FILM REVIEW: The War of the Vendée

“They have killed our temporal king. Now they want to kill heavenly king. Who is worth fighting for, and even dying for, if not Him?”

That is a line from the soon-to-be released film by Navis Pictures called The War of the Vendée.  US HERE – UK HERE

I received a review DVD today and watched it this evening.

Given the professional beginning, with the good score, I was soon scratching my head at age inappropriate actors. They were far too young and, as young actors, they performed, well…. like young actors. I started to wonder how I could write positively about this film. My suspicion that I was missing something of critical importance drove me to the Navis Pictures website, which has as its goal the creation of a new genre of film: Children’s Cinema.

The some 250 young actors in this film are all under 21.  This is, therefore, a direct contradiction to the old adage about never working with kids.

I don’t know how it escaped me, but I didn’t know about this aspect of the film before I stuck the DVD into the machine!

Navis, which means ship in Latin, like the Barque of Peter, wants to inspire young people to get into the film industry and other performing arts at a young age, presumably to begin to transform the industry from within. The director, Jim Morlino – yes, like the bishop but not too closely related he tells me – explains his project in a 3 minute video HERE.  Great idea!

Once you give yourself over the fundamental point of this project, this genre, you look past the rough spots, and enjoy the production immensely.

I suspect this film will be inspiring to children, both because the story is historically important but also because it is by young people for young people.

The music score was very good. The composer, Kevin Kaska, was top notch (which is one of the reasons why I was puzzled at the beginning by the age of the actors). Kaska orchestrated the music for the Batman movie The Dark Knight, and the The Passion of the Christ.  The War of the Vendée is Kaska’s second film as a composer.

If I ever get that three-hour a day call-in talk radio show, I will probably ask Navis for permission to use a clip from for my bumper music.

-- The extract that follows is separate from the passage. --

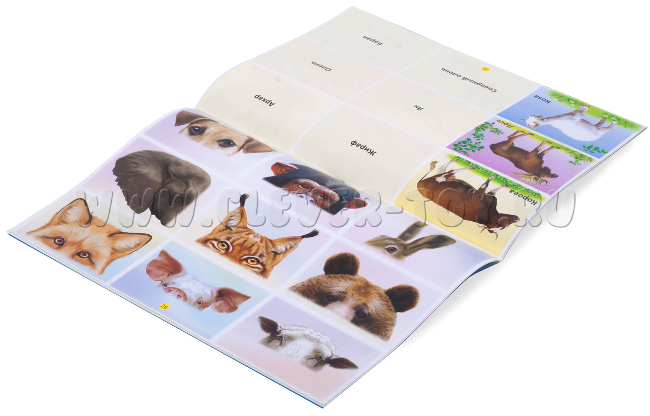 • знакомит ребёнка с представителями животного мира (щука, баран, заяц, лошадь, гусь, лиса, белка, свинья, ёж, лягушка, дикобраз, орёл, хорёк, леопард, скунс, панда, лев, енот, тигр и др.);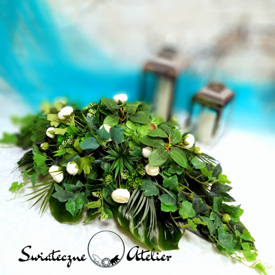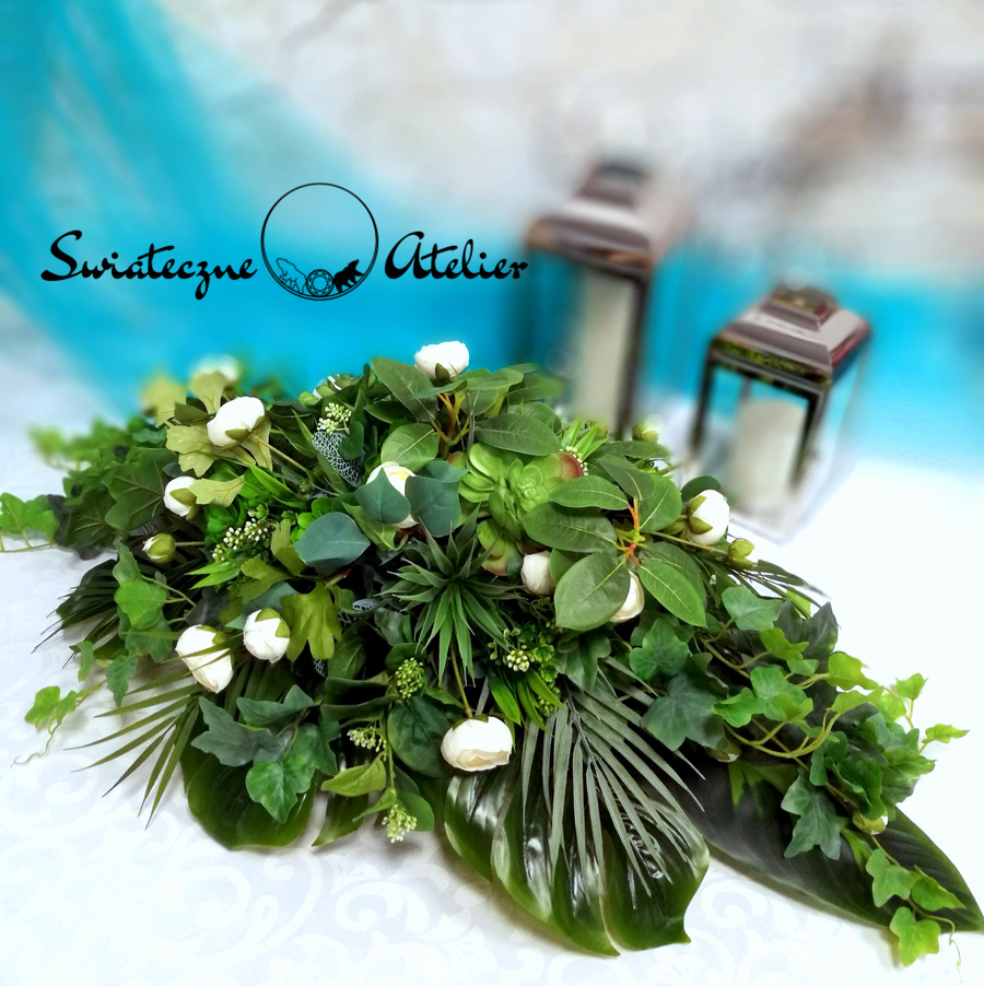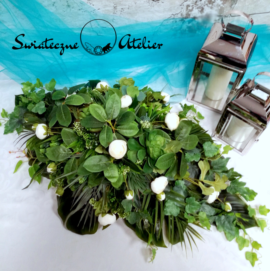 Stroik nagrobny zielony z pełnikami nr 691 jest elegancką kompozycją kwiatową osadzoną w obciążonej podstawie. Jest to zielona kompozycja wykonana z wysokiej jakości materiałów. Ozdobiliśmy ją sukulentami i delikatnymi pełnikami, więc tworzy wyjątkową kompozycję. Kwiaty, których użyliśmy do tej dekoracji nagrobnej, są w pięknych kolorach i dekoracja niezależnie od pory roku będzie prezentować się pięknie. Prosta forma nadaje kompozycji lekkości i elegancji. Wysokiej jakości kwiaty oraz harmonia kompozycji pięknie zaprezentują się zarówno na ciemnym jak i jasnym nagrobku. Zielone elementy podkreślają kolor kwiatów. Dekoracja niespotykana i bardzo elegancka.

Of liturgical interest are portrayals of Holy Mass. I was outraged… outraged, I say, to see a maniple on the right arm of the young actor priest! Can you imagine?   If people are going to make movies about the old days, why don’t they talk to someone who knows what’s what?  And the Latin… mon Dieu!  (I’m kidding, of course.)  Later in the movie, for Mass before a battle, they get the maniple right… er left…

[UPDATE: I had a note from Jim Morlino of Navis Pictures who wrote: “RE the maniple – scene was originally shot with the correct placement of the maniple (I and many in the film are TLM folk) Due to an error on my part in maintaining “screen direction” for the Mass scene, I had to digitally “flop” the shot, and so, the Maniple appears to be on his right arm…when in fact it was correctly placed on his left arm the entire time. I knew that was going to raise some hackles, but there was nothing I could do about it.”  No hackles from Fr. Z, Jim.  I was yankin’ yer chain.]

The age of the actors sometimes made it difficult to know who was intended to be an adult and who was a child.  The fact that these were kids, meant that they weren’t using real guns.  They had to add effects, but they did a pretty good job.  And there is a battle scene that turned out pretty well, along with a “follow the bullet” moment and the death of a good guy.

I loved the bad guy official of the Republic with the braces on his teeth.

Another point is the prominent positive role of the female characters.  This is perhaps best captured in the line: “Men of the Vendée, either pick up your weapons now, or we will wield them for you!”

In the balance, the filmmaker and composer and these kids told a good story and they told it well.  There were moments of humor, but serious things are presented throughout about Catholic identity, faithfulness, the role of men and of women in life, honor, and the virtue of religion.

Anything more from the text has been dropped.